Hadoop: topology, rack awareness and NameNode caching

When attempting to add 10 more nodes to our cluster last week I made several mistakes which brought to light some “features” of hadoop’s rack aware topology.

Lesson #1-> Before adding a new node make sure you can resolve the host by name and ip(A & PTR) using the rack aware script.

The first mistake I made was only adding the A records and not the PTR records. The rack aware script appears to mostly look up the node by ip address. Our topology is in the syntax of /row$/rack$ and in my script if it can’t resolve the host it will return with a default of /default-rack.

Lesson #2 -> The namenode permantly caches the results of the rack aware script, if you make a mistake or are moving nodes around you will have to restart the NameNode daemon.

I have a theory(just a theory) that if the syntax of the default rack matched the other nodes ie. /row1/rack0 then it would run fine.

Lesson #3-> A  datanode with a poor topology mapping can break map reduce.

Okay so that this point I had one new node in the cluster who’s topology resolved to /default-rack and it was only running datanode. HDFS ran fine, it was getting blocks posted to it hourly but then map reduce jobs started getting hung. What, how can a poorly configured datanode break map reduce?

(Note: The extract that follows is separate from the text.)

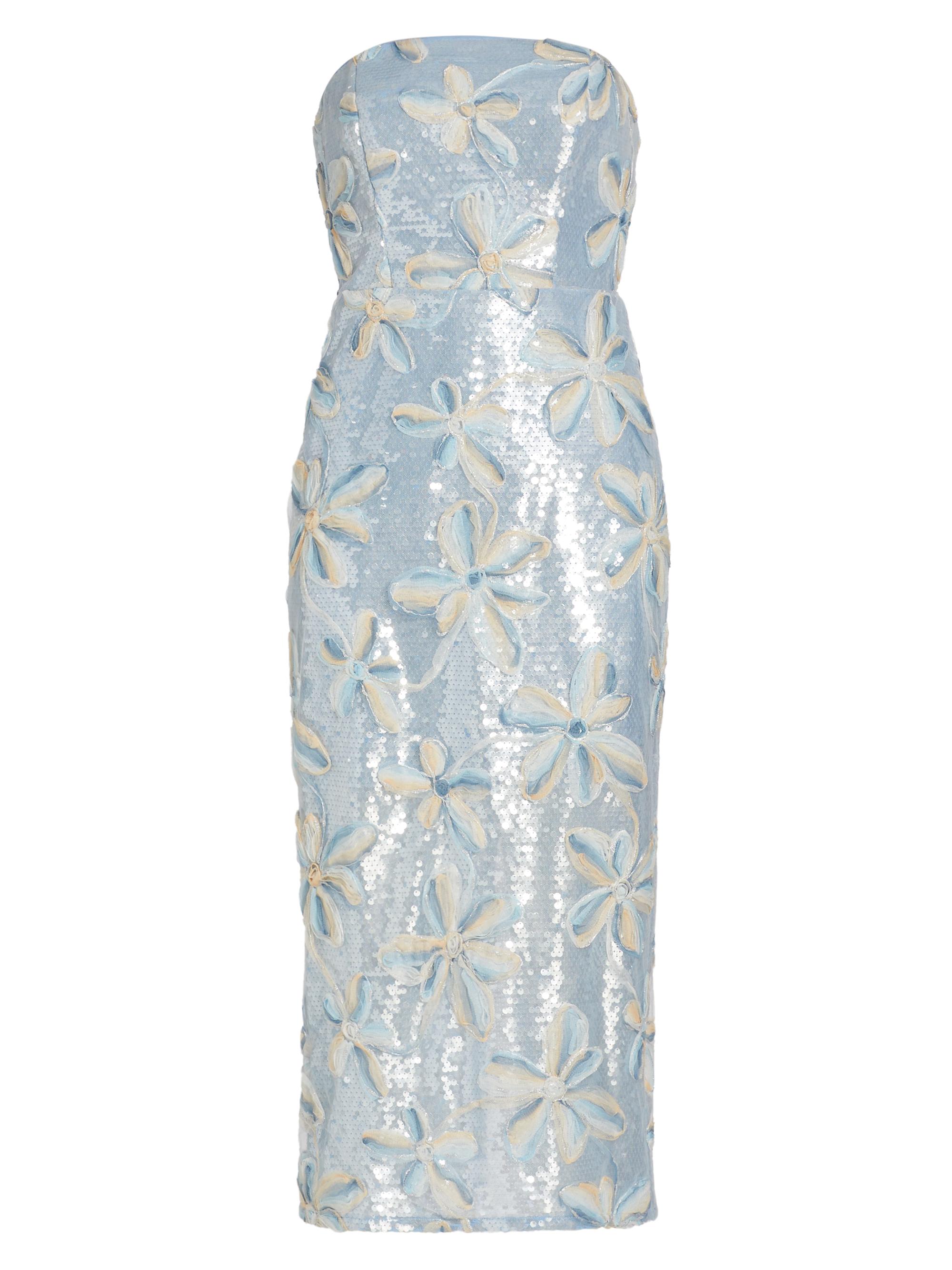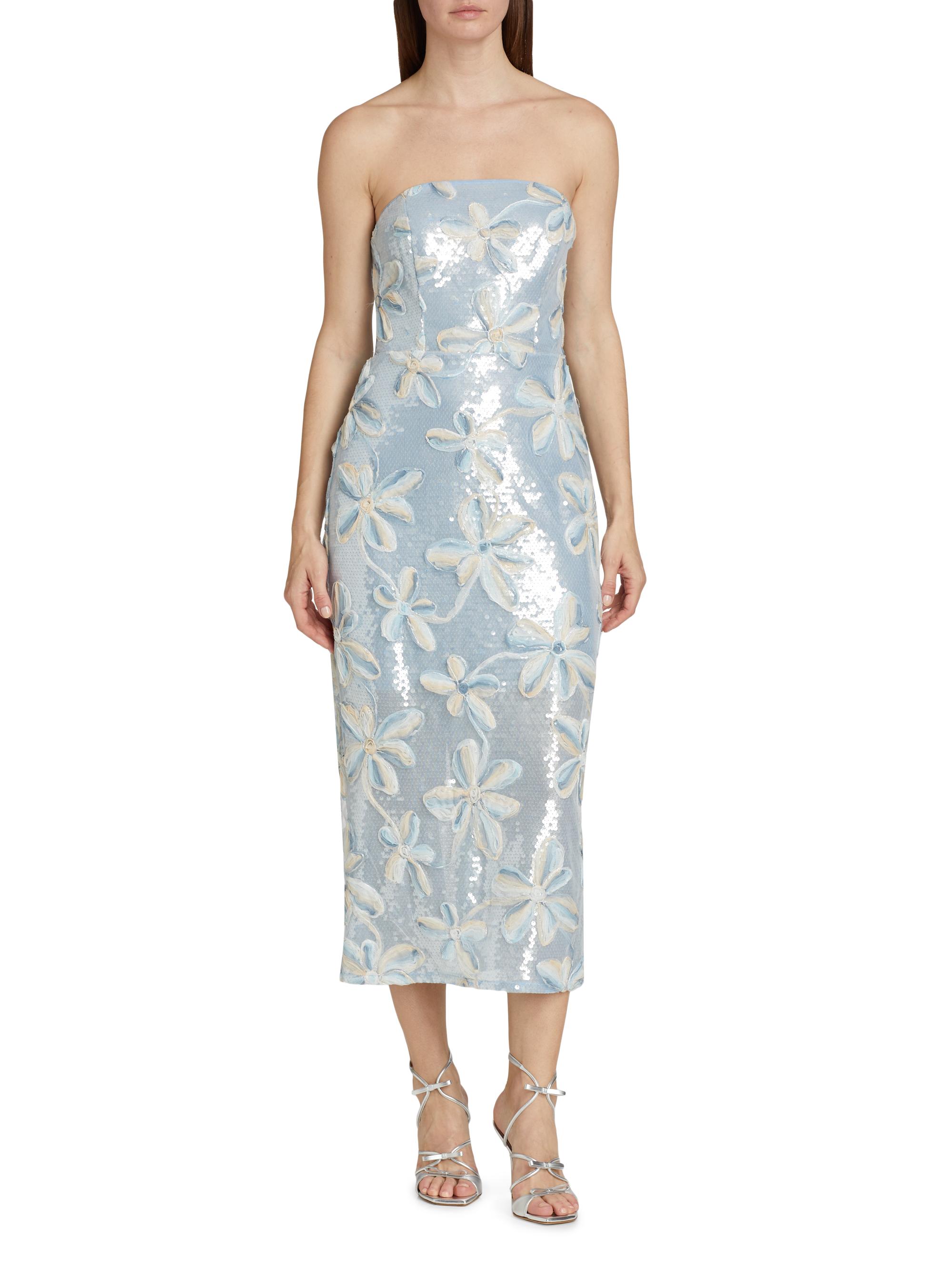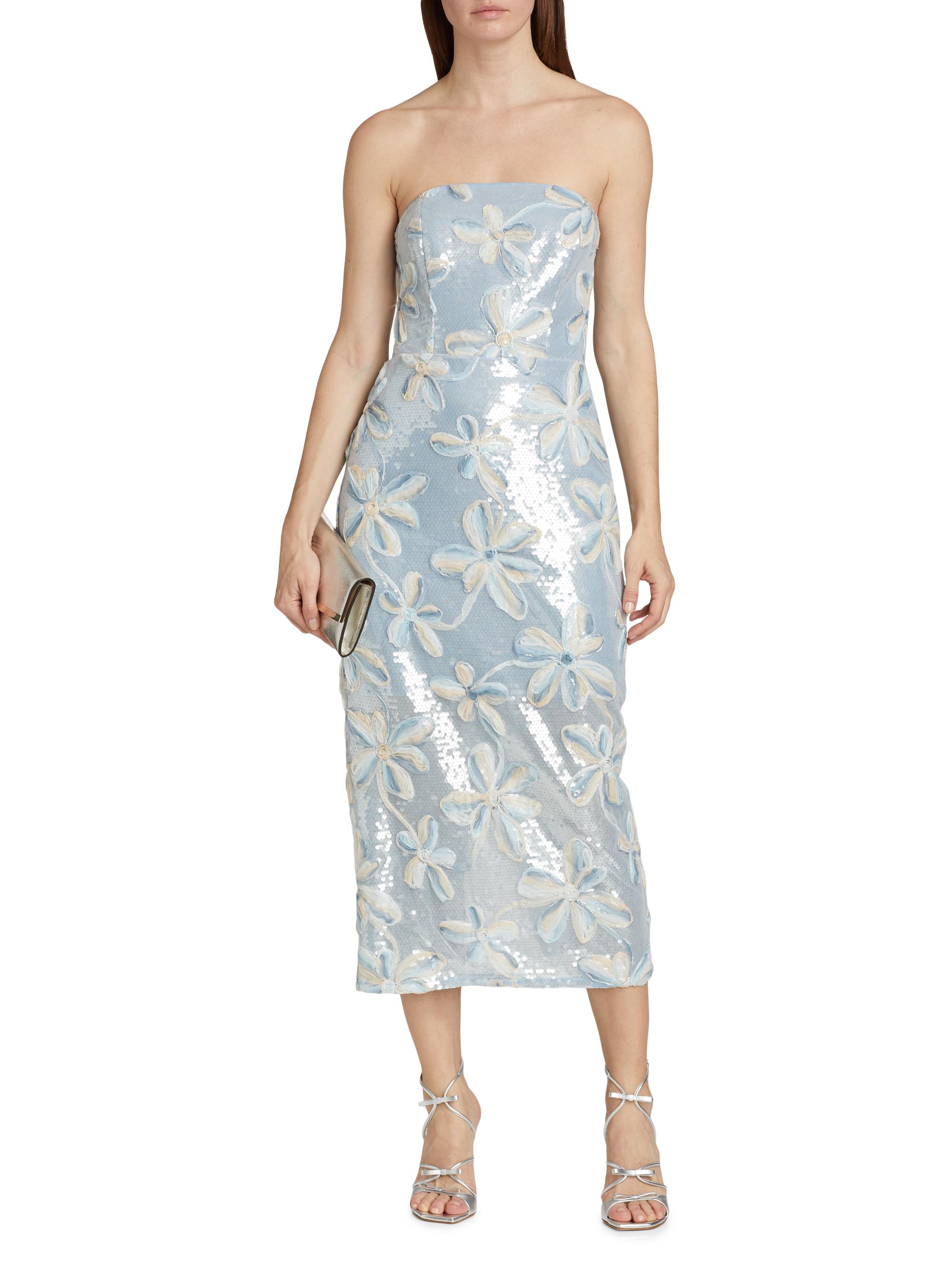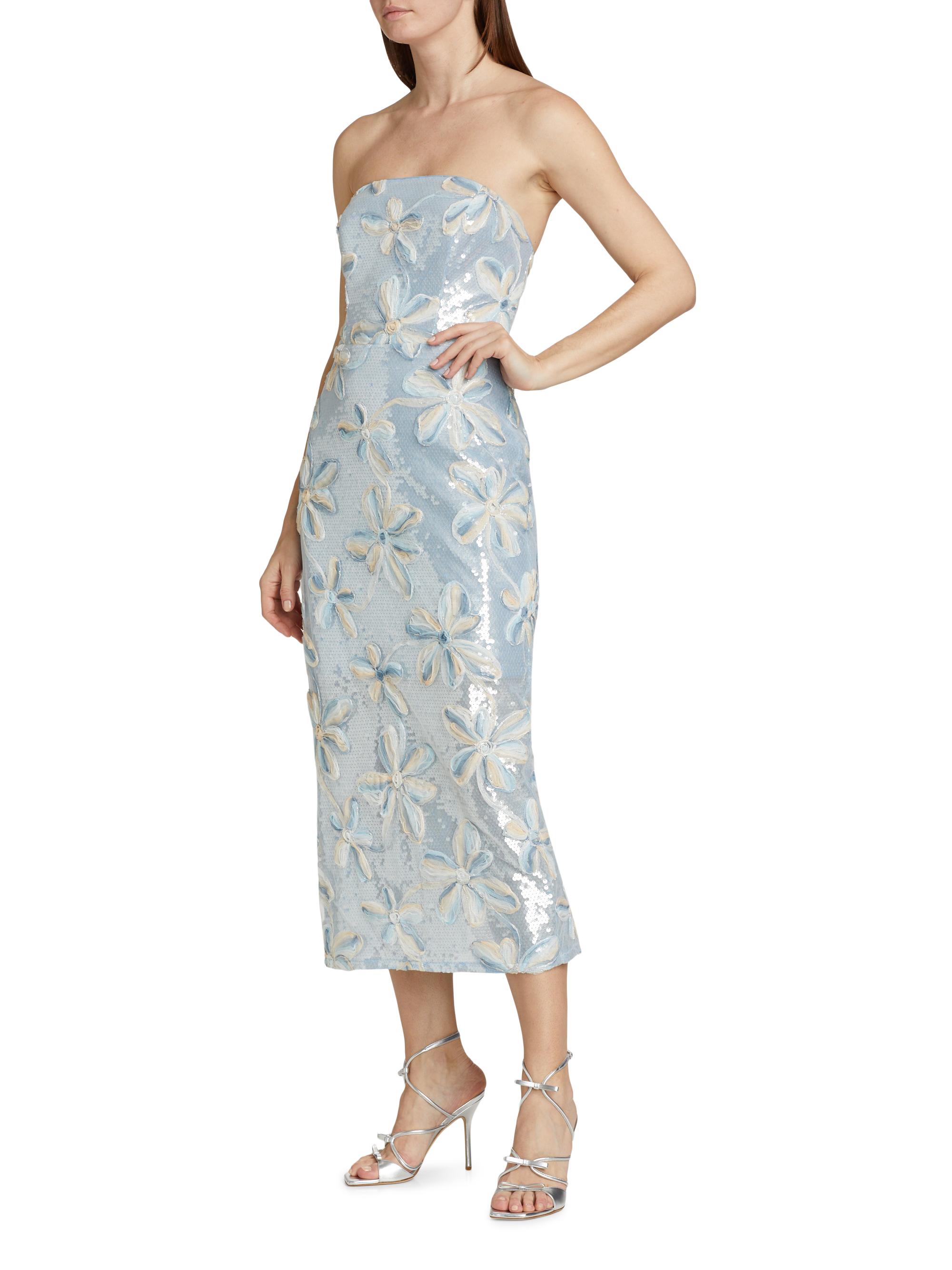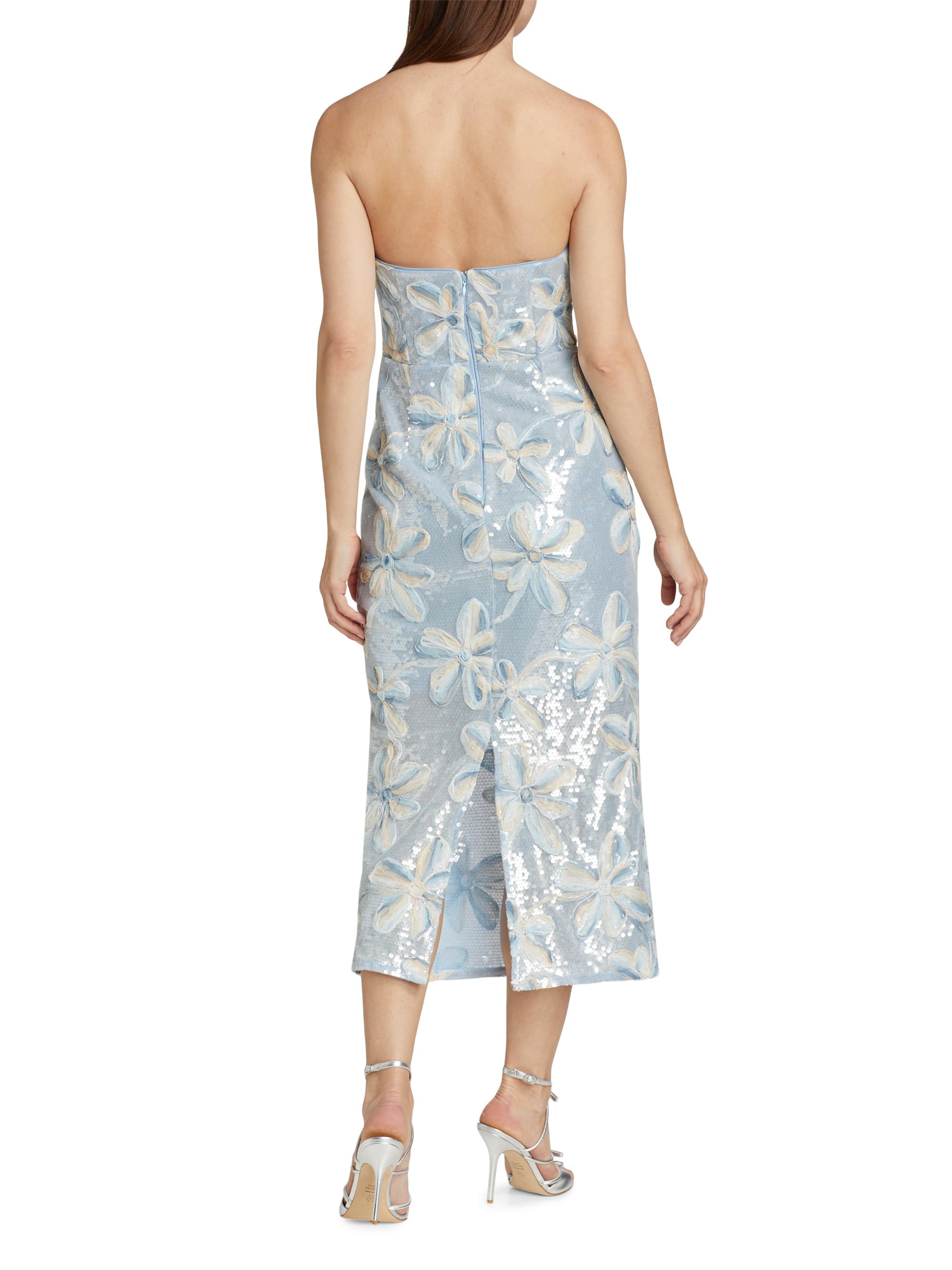 Milly Floral Embroidered Sequin Strapless Dress

Sure enough jobs running with blocks on the new node wear hanging, jobs from older data(I hadn’t run balancer yet) ran fine.

The fix was to add the A and PTR records for the new nodes and restart the NameNode.

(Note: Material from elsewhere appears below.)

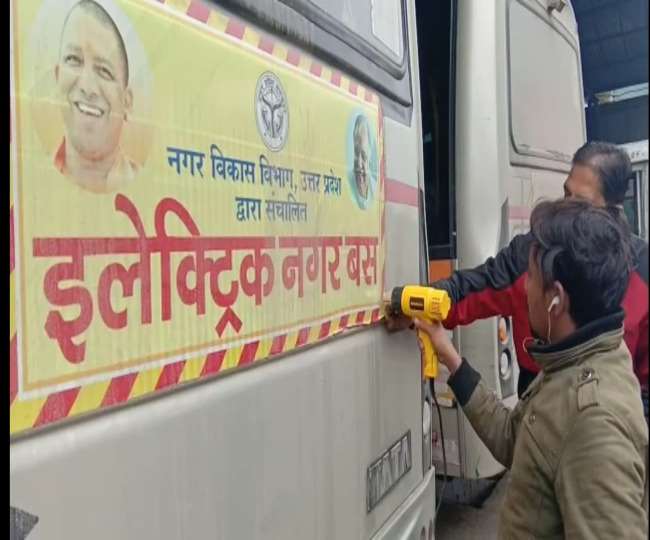 आदर्श आचार संहिता के पालन में हटाई गई ई-बसों से सीएम योगी और नगर विकास मंत्री की तस्वीर
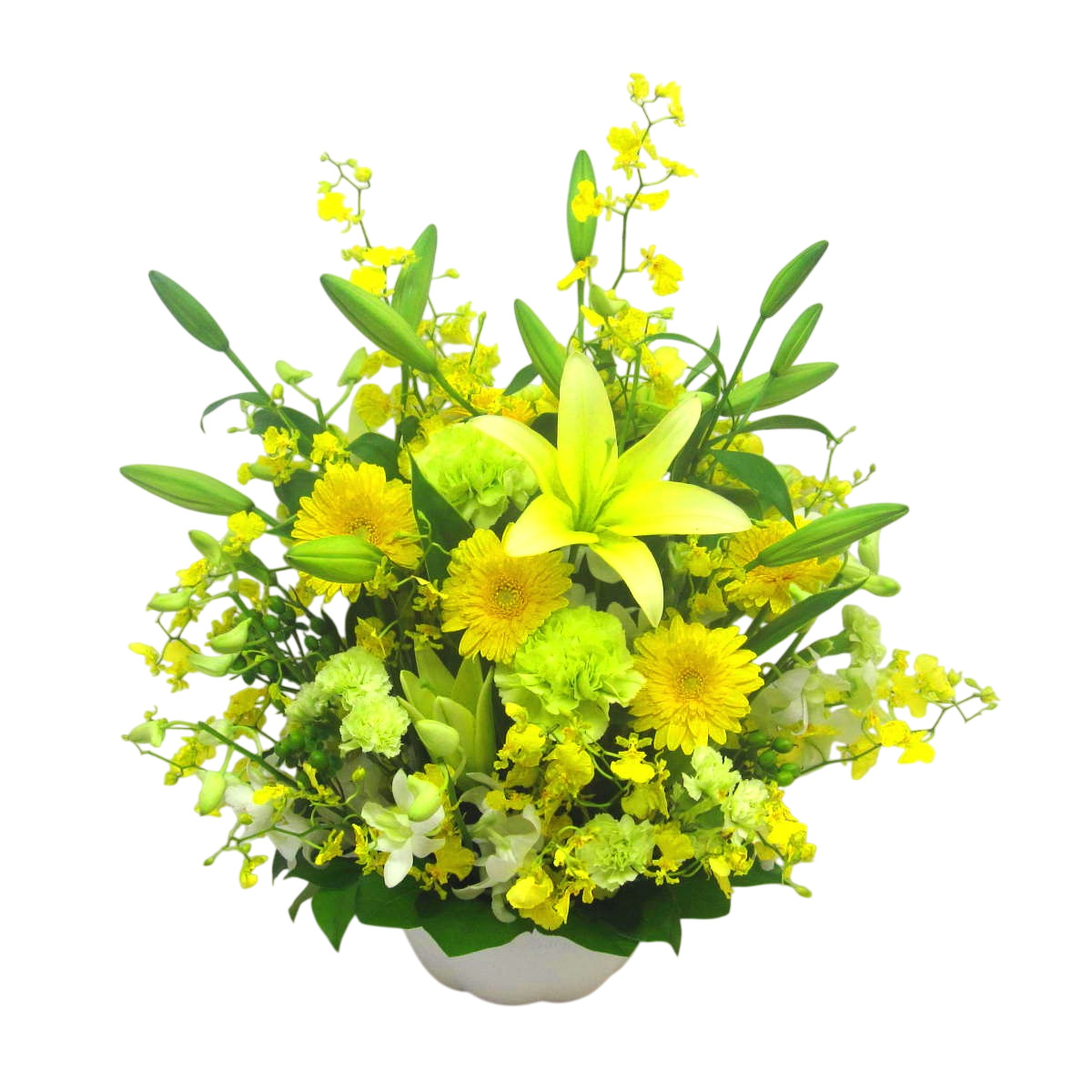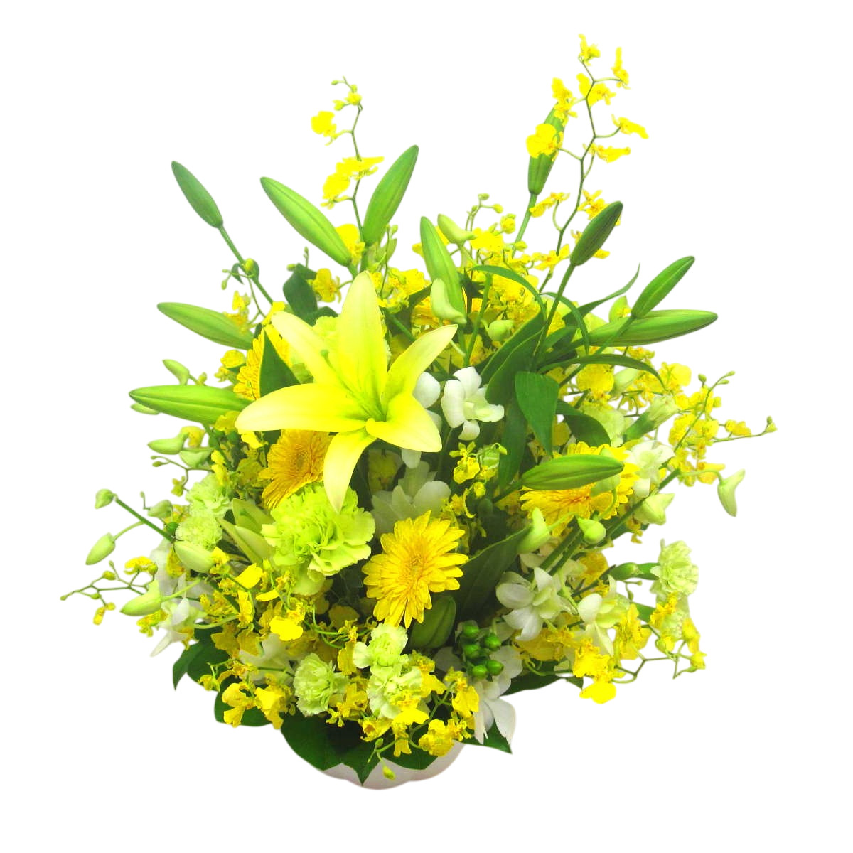 存在感のある「ユリ」や上品な「オンシジューム」を中心に黄色系のお花を入れてボリュームよく制作いたします。また、その日、市場から入荷した鮮度の良いお花でお作りしますので花持ちが良く、ご利用いただいたお客様から「大変花持ちが良い」と高い評価をいただいております。目を閉じて心の中にいる故人への想いをそっと呼び起こします。当店では、お客様のその想いをしっかりと受け止め、心を込めて制作致します。静岡県から全国へお届けします。春の故人を偲ぶ色々なシーンで是非、ご利用下さい。

Thank you to goturtlesgo from the #hadooop IRC room for helping confirm these “features”.

Jira ticket about NameNode permantly caching rack_awareness script look-ups.





Hadoop, too much local cache is a bad thing

Lessons learned here.

1. Too much local cache is a bad thing.
2. Why does it take so long after a tasktracker restart to receive tasks?

I run  a very stable 36 node hadoop cluster for our hive data warehouse.
Recently however we started having TaskTrackers being blacklisted.
After eliminating the usual suspects of hardware problems, networking, jobs gone wild, memory problems etc…..
We started digging into the logs.
One line consistently showed up:

WARN fs.LocalDirAllocator$AllocatorPerContext (LocalDirAllocator.java:createPath(256)) –org.apache.hadoop.util.DiskChecker$DiskErrorException: can not create directory: /disk2/hadoop/mapred/local/taskTracker/archive/hadoopm101.sacpa.videoegg.com/export/hadoop/temp/hadoop-hadoop/mapred/system/job_201003012328_167821/libjars

After confirming that the disk was fine we started looking into the file system.
Again we eliminated the usual suspects of disk space, inodes, iowait.
It wasn’t until we started traversing the file system that found our first clue.
An ls -l hung. Red flag for a sysadmin. The reason that we hit the limit in the number of sub directories for ext3.

[root@hadoop2108.sacpa hadoop]# ls /disk1/hadoop/mapred/local/taskTracker/archive/hadoopm101.sacpa/export/hadoop/temp/hadoop-hadoop/mapred/system | wc -l

Even though the local cache has thousands of files and directories some as old as three months they we never cleaned out because we still hadn’t reached the default limit of 10GB.
In our case because we four disks per node thats 40GB of local cache per node.
The fix in our case was to drop the local.disk.cache setting in core-site.xml from 10GB to 1GB.
The second lesson we learned was that when you start a tasktracker it won’t receive any work until it cleans out its local cache. In our case it was taking up to 15 minutes.
This was difficult to discover as even as DEBUG mode nothing about this is written to the logs.